We have a loan with 4 parcels of land as collateral and all 4 parcels are in a floodplain. 2 of the parcels have buildings on them which our borrower owns the buildings and the land. The other 2 parcels our borrower only owns the land…one has a billboard and the other has a cell tower. The cell tower has a building (a roof & 4 walls) located next to it which sits up on concrete stilts and we assume is used for equipment for the cell tower. Our question is if our borrower only owns the land and the cell tower w/building is in a floodplain who is responsible for the flood insurance? And is flood insurance required? We think flood insurance is required because the “building has a roof & 4 walls.
We did find this while researching but wanted to be sure we were think correctly. NYCalls Questions – December 3, 2012 Flood Insurance Teleconference
1. An organization owns the land on which a building (owned by another organization) sits. The property is located in a V zone. Both organizations have common ownership. The organization that owns the building pays lot rent to the organization that owns the land.
If we issue a loan to the organization that owns the land, securing only the land, is the customer exempt from flood insurance because the building is owned by a separate organization?

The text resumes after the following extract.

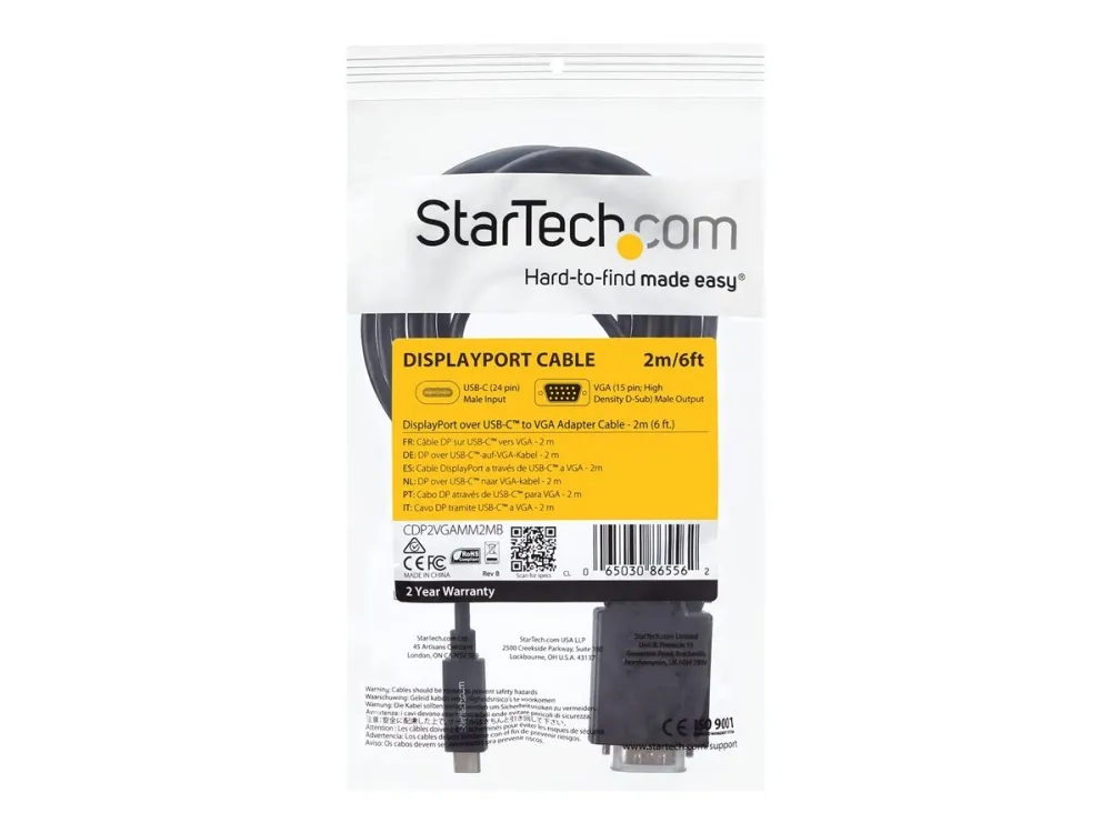 Denna USB-C till VGA-kabel gör att du kan ansluta din Thunderbolt 3- eller USB Type-C-kompatibla enhet till din bildskärm med bara en kabel, vilket gör den till en bekväm och trasselfri lösning. Enastående bildkvalitet USB-C till VGA-kabeladaptern gör att du kan utnyttja den inbyggda videokapaciteten i din dators USB-C-anslutning för att leverera fantastiska upplösningar på upp till 1920 x 1200. Dessutom är adaptern bakåtkompatibel med skärmar på 1080p och är därför ett perfekt tillbehör för hemmet, kontoret eller andra arbetsmiljöer. Trasselfri installation Med sin längd på 2 m levererar denna bildskärmskabel en kompakt anslutning som eliminerar onödiga adaptrar och kablar, vilket garanterar en städad och professionell installation. För kortare eller längre installationer erbjuder vi även en 1 m (CDP2VGAMM1MB) och en 3 m (CDP2VGA3MBNL) USB-C till VGA-kabel, så att du kan välja rätt kabellängd för dina anpassade installationsbehov. Problemfri anslutning Den reversibla USB-C-kontakten ger en enkel och bekväm anslutning. Enkel hantering och installation säkerställs genom att denna USB-C till VGA-kabel kan användas med både Windows- och Mac-datorer och att den stöder plug-and-play-installation.

The loan described in this scenario does not meet the definition of a designated loan because it is not secured by a building or manufactured home. The borrower is not required to obtain flood insurance under these circumstances
The flood regulation states a bank shall not make, increase, extend, or renew any designated loan unless the building or mobile home and any personal property securing the loan is covered by flood insurance for the term of the loan.
I agree with the information you cited above – if you don’t have a security interest in the building, flood insurance isn’t required.